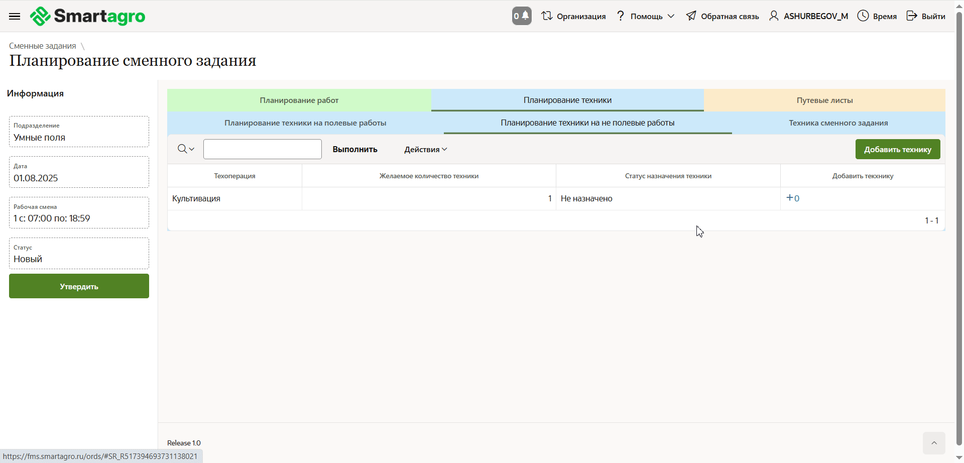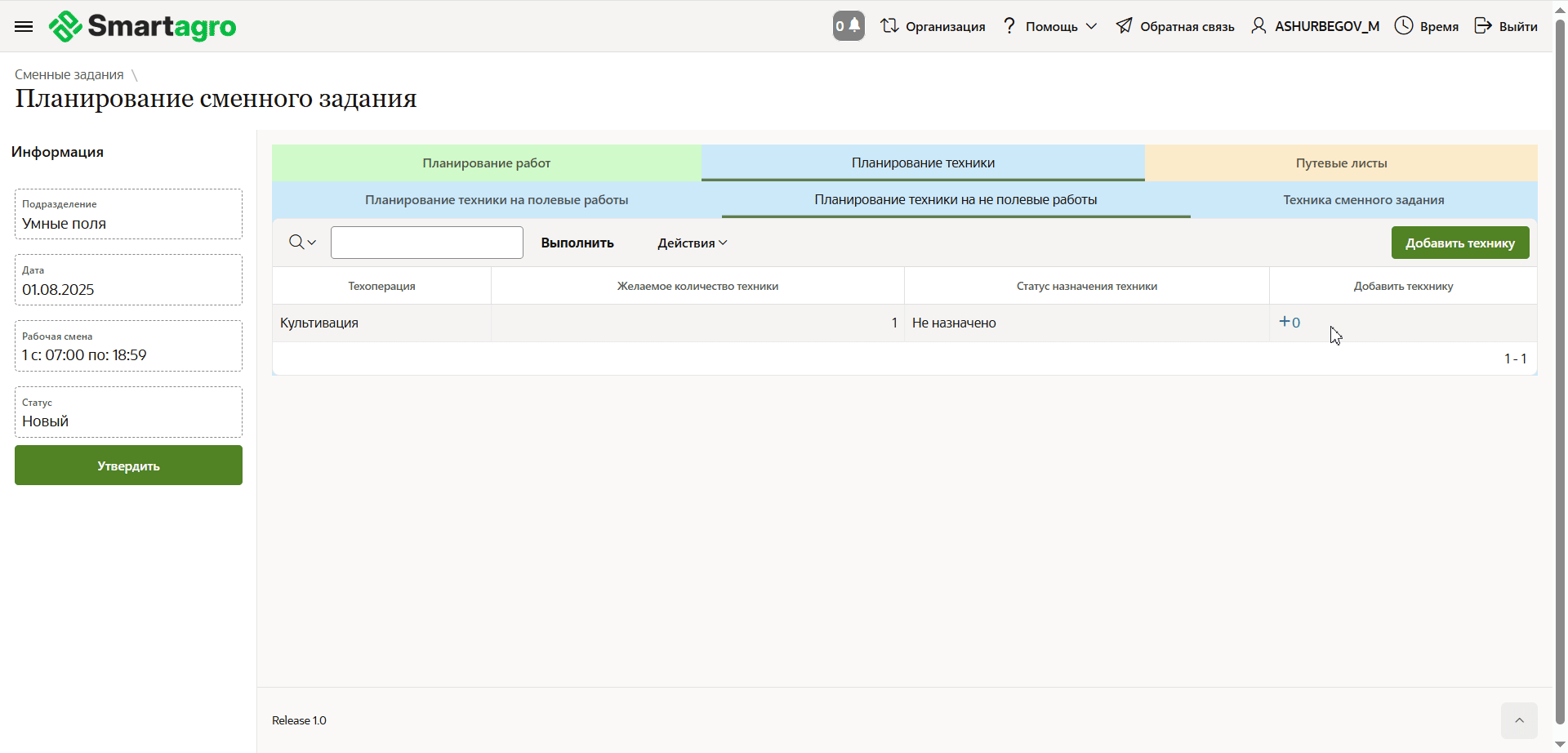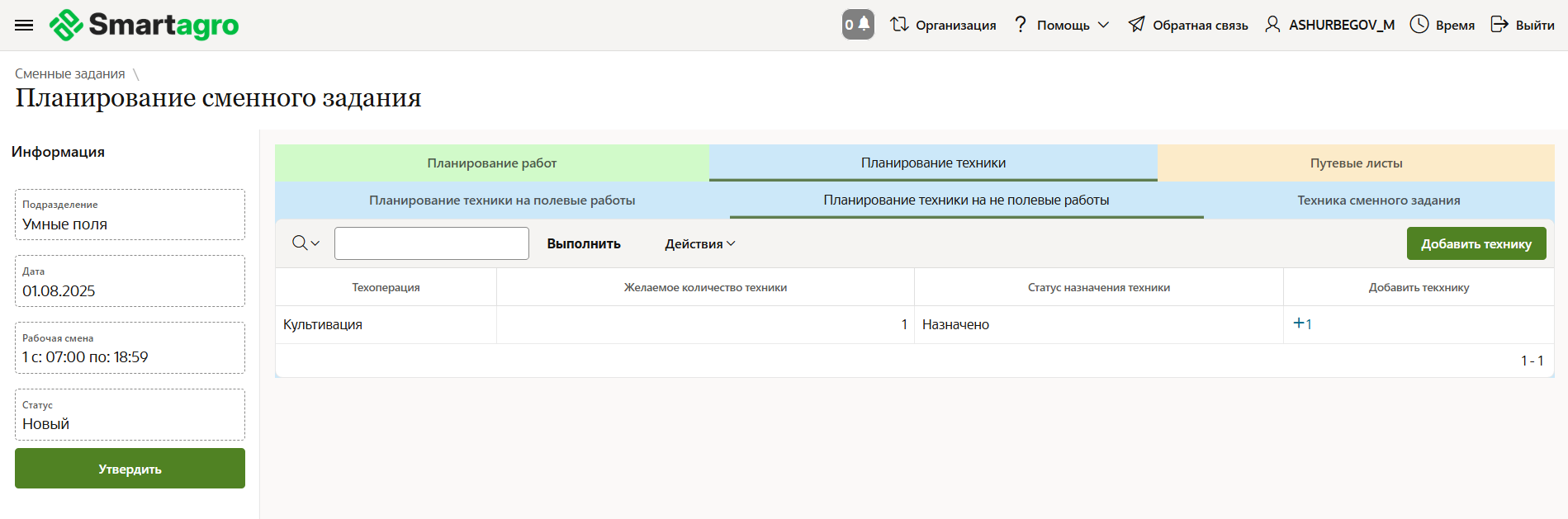 - Планирование техники на не полевые работы — Добавление и редактирование техники на не полевые работы
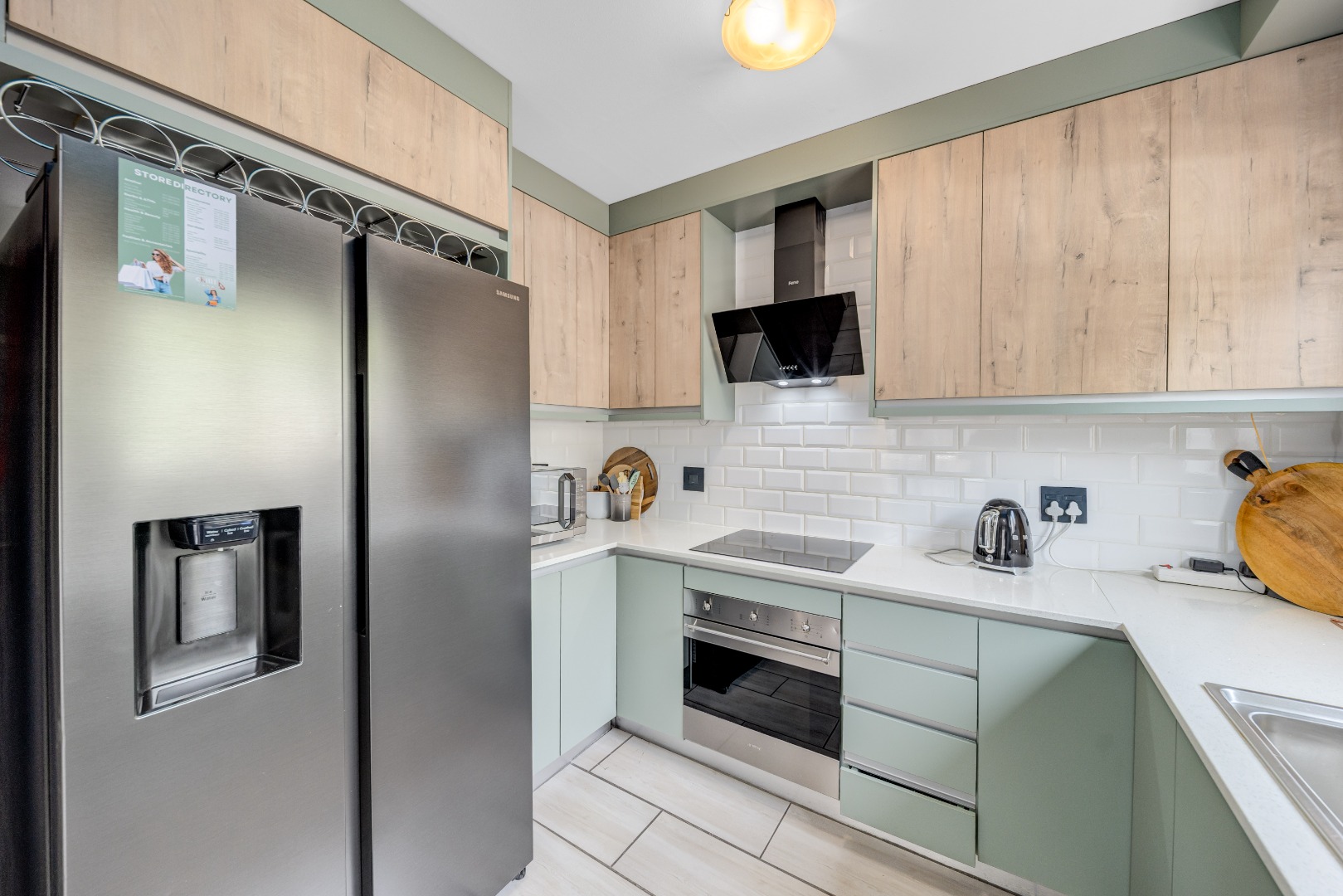 • Electric under-counter oven, glass hob and extractor fan
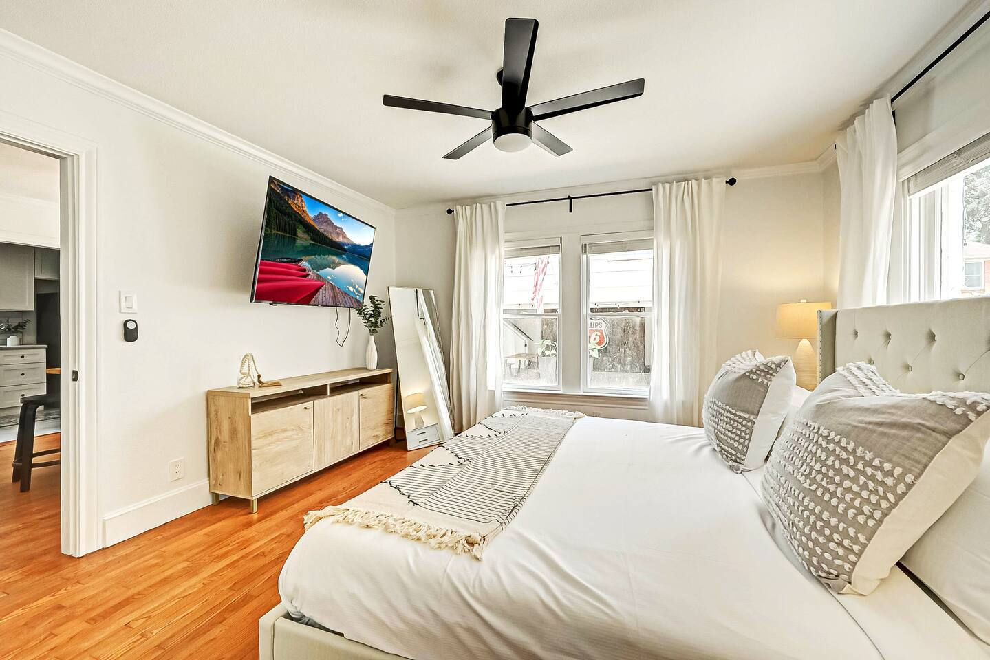 This 2-bed/1-bath house is centrally located in the desirable neighborhood of Montrose. The interior has been completely remodeled with new kitchen, new bathroom, & new furniture. Tastefully decorated with fashion & functionality in mind, this home features a total of 2 bedrooms, 1 bedrooms, 1 living room & 1 kitchen. All bedrooms have king-sized beds and the house comfortably sleeps 4 guests. Every bedroom has its own 65” TV. We also have an outdoor area perfect for gatherings.

★ ★ ★ ★ ★

> **Assignment**: Apart from the pictures, every line above must be repeated exactly.

> **Answer for this exercise**:
 - Планирование техники на не полевые работы — Добавление и редактирование техники на не полевые работы
 • Electric under-counter oven, glass hob and extractor fan
 This 2-bed/1-bath house is centrally located in the desirable neighborhood of Montrose. The interior has been completely remodeled with new kitchen, new bathroom, & new furniture. Tastefully decorated with fashion & functionality in mind, this home features a total of 2 bedrooms, 1 bedrooms, 1 living room & 1 kitchen. All bedrooms have king-sized beds and the house comfortably sleeps 4 guests. Every bedroom has its own 65” TV. We also have an outdoor area perfect for gatherings.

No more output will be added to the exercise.